By Caroline SCOTT-THOMAS contact

- Last updated on GMT

'No palm oil' labelling may contravene EU law
'No palm oil' labelling may contravene EU law

Related tags: Palm oil, Law

Food manufacturers and palm oil producers could have a legal case against companies labelling products ‘palm oil free’, according to Paris-based lawyer Anne Bourdu.

Bourdu, who works with Paris legal firm LEXT, was asked to look into the legality of ‘no palm oil’ labelling for a meeting organised by Food Facts last June, and she claims such labelling could be legally challenged under both French and EU law.

“My legal opinion is that it interests all producers of palm oil and all manufacturers of products that contain palm oil,”​ she told FoodNavigator.

In particular, she cites EU regulation No 1169/2011, which says food information shall not be misleading “by suggesting that the food possesses special characteristics when in fact all similar foods possess such characteristics, in particular by specifically emphasising the presence or absence of certain ingredients and/or nutrients”.

With this in mind, Bourdu says using ‘palm oil free’ labelling is “unacceptable from a regulatory point of view”.

What about consumer choice?

“I am personally in favour of giving the most information to the consumer as possible, not only with safety standards, but also how products are manufactured.
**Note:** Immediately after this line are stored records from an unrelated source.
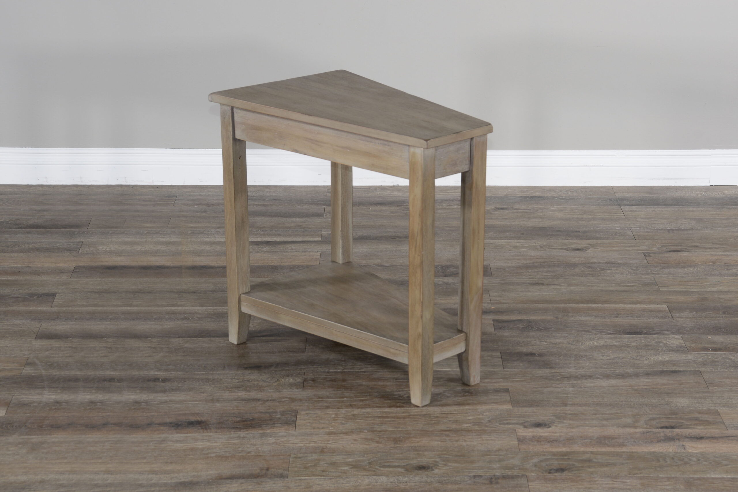 Whether set chairside, next to your sofa or pulled up to your bedside for a distinctive nightstand, this chair side wedge table is an excellent addition to any ensemble. This simple design offers one open lower shelf that is great for accent decor, stacking your go-to novels, or fanning out your favorite magazines.
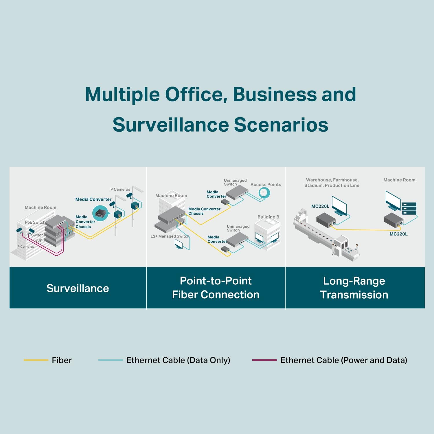 【Long-Range Transmission】When used with different types of SFP modules, the Hot-Swappable FX Port extends fiber distance up to 12.4miles (20km) for Single-Mode transmission and 1,800 feet (550m) for Multi-Mode transmission.
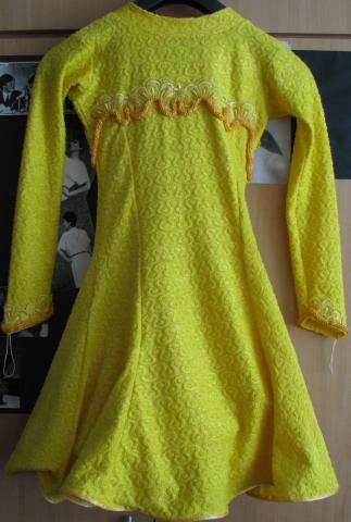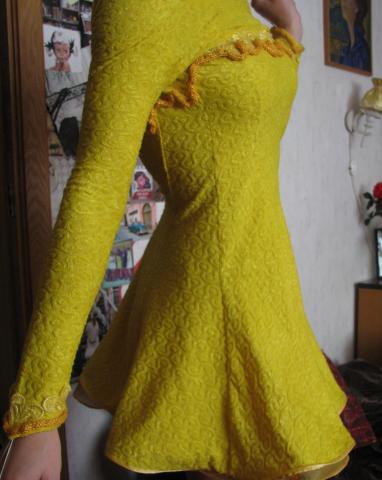 Vos vieną kartą vilkėta ryški sportinių šokių suknelė siūta pagal užsakymą. Jokių defektų nėra. Tiktų 155-160 cm smulkaus sudėjimo mergaitei, į komplektą įeina pasijonis ir kelnaitės.
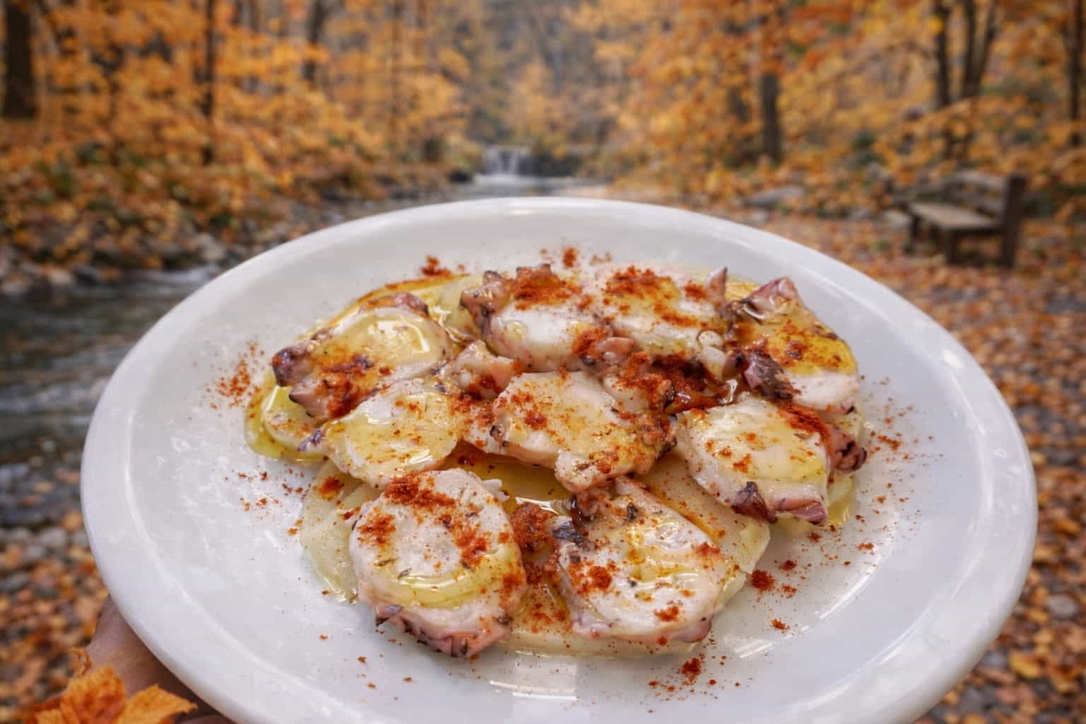 Pulpo español sobre patatas al natural, con aceite de oliva extra virgen, pimentón español y sal maldón. (APTO PARA CELIACOS)

That may also be a political choice for consumers to choose a product that is ‘green’,”​ she said.

However, she added that food companies could instead highlight their use of sustainable palm oil, or explain on-pack why they had chosen the specific vegetable oil in their product.

Bourdu insists that labelling something ‘palm oil free’ is different from labelling it ‘additive free’ or ‘preservative free’.
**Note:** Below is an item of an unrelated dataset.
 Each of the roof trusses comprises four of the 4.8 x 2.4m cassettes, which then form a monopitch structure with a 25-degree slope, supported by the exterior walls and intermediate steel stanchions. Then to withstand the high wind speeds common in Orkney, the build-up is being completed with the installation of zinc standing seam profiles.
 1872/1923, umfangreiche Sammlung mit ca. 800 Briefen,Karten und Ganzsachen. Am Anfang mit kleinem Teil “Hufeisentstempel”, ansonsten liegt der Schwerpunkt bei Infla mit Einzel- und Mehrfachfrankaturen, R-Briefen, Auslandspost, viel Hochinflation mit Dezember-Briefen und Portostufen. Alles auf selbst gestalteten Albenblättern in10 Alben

“The difference to me is that palm oil is a raw material rather than an additive,”​ she said.

International law firm Hogan Lovells has also argued that palm oil is different from artificial colours or preservatives because it is not an additive.

In a review of possible legal remedies available in Belgium and France, Hogan Lovells says that companies making a ‘no palm oil’ claim would need to justify it.
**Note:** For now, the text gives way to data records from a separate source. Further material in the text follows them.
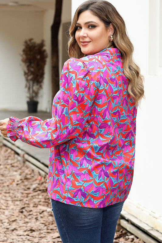 Multicolour Plus Size Floral Print Ruffled Puff Sleeve Shirt
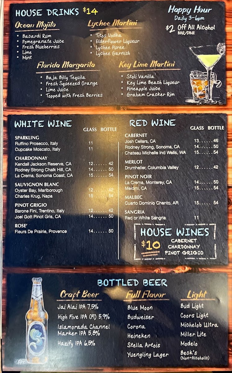 For desserts, the menu features choices such as Key Lime Pie and Carrot Cake. The beverage selection includes craft beers, such as Jai Alai IPA, and well-known full-flavor beer brands including Blue Moon, Budweiser, Corona, Heineken, Stella Artois, and Yuengling Lager.
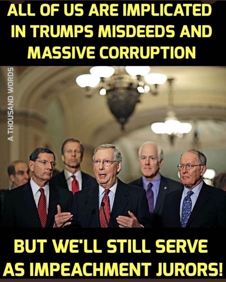 I think this next year is going to be a wild(er) ride. The in-your-face abuse of the power of office by Trump, just given a pass by the Republican Party seems to me to be merely the start. Rudy Giuliani basically aping a criminal henchman--'I've got something on the boss, he ain't gonna try nothin' on me.' I find that fittingly surrealistic and completely in keeping with the twisted wanna-be movie crime lord/tin pot dictator vibe that Trump has been pushing all along. What next?
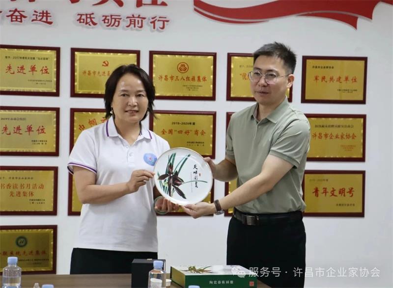 交流結(jié)束后,雙方互贈(zèng)紀(jì)念品。貴陽(yáng)市人民政府駐武漢辦事處向協(xié)會(huì)贈(zèng)送了中共貴陽(yáng)市委、貴陽(yáng)市人民政府定制的精美的陶瓷藝術(shù)圓盤(pán),協(xié)會(huì)回贈(zèng)了具有許昌文化特色的鈞瓷主人杯。此次交流不僅加深了彼此了解,更為今后深化合作奠定了堅(jiān)實(shí)基礎(chǔ)。雙方一致表示,將以此為契機(jī),建立長(zhǎng)效溝通機(jī)制,推動(dòng)資源共享,實(shí)現(xiàn)互利共贏。
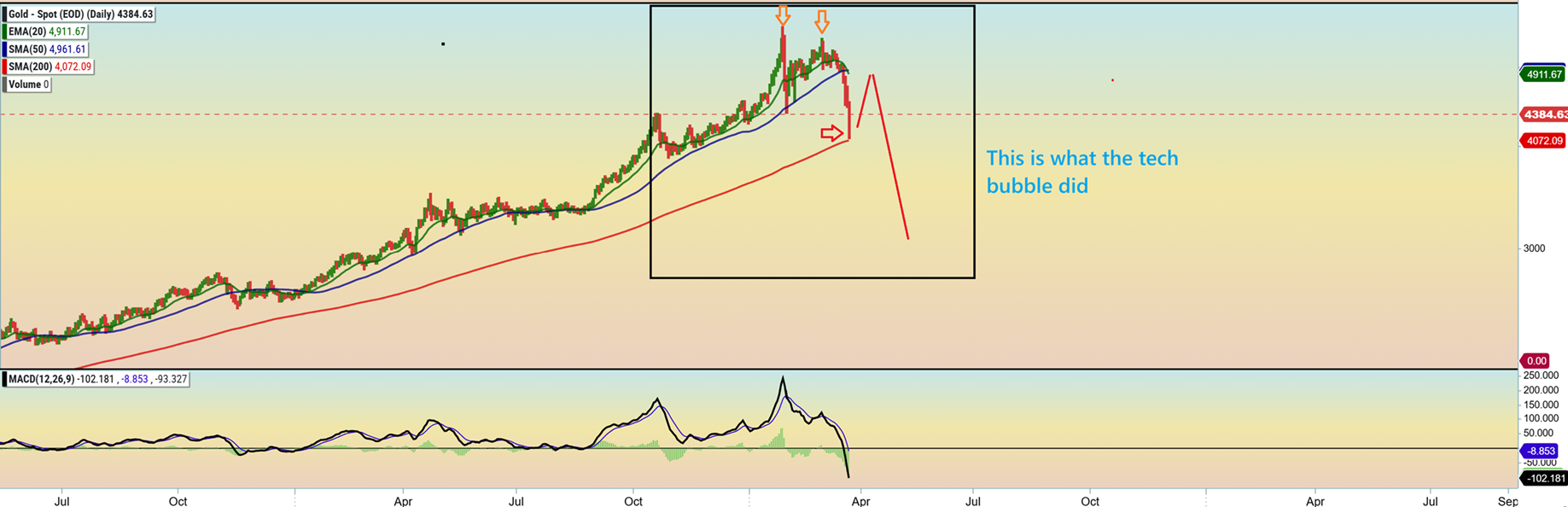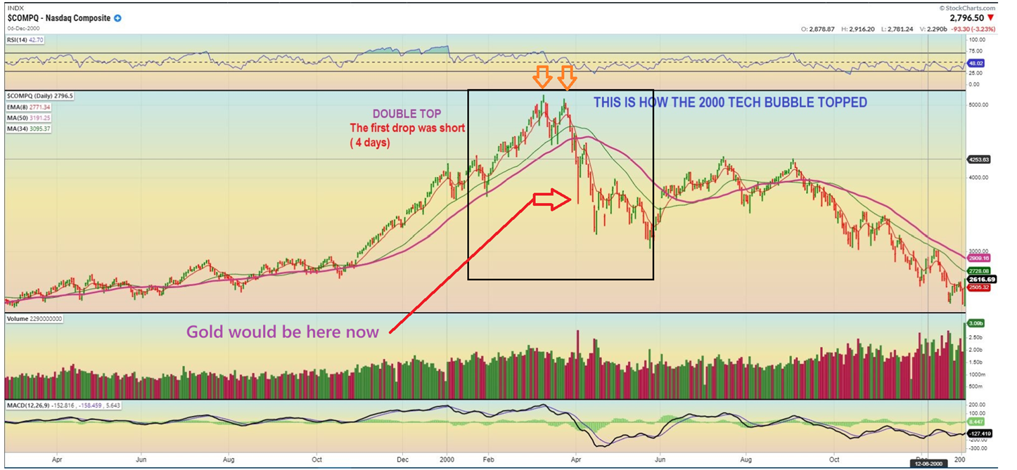 THE NASDAQ 2000 tech bubble also did a double top like what Gold just did. So I will stack the 2 charts on each other below and focus on THE BLACK SQUARE in both charts.

It may be useful to know the identity of the oil in a product,” ​it says. “However, in the absence of evidence that a specific oil represents a risk to consumer health, inclusion of “no palm oil” claim front of label unjustly singles palm oil out and places emphasis on the absence of palm oil in the product in a manner that could be perceived as intended to communicate to the consumer more than mere information concerning the type of oil used.”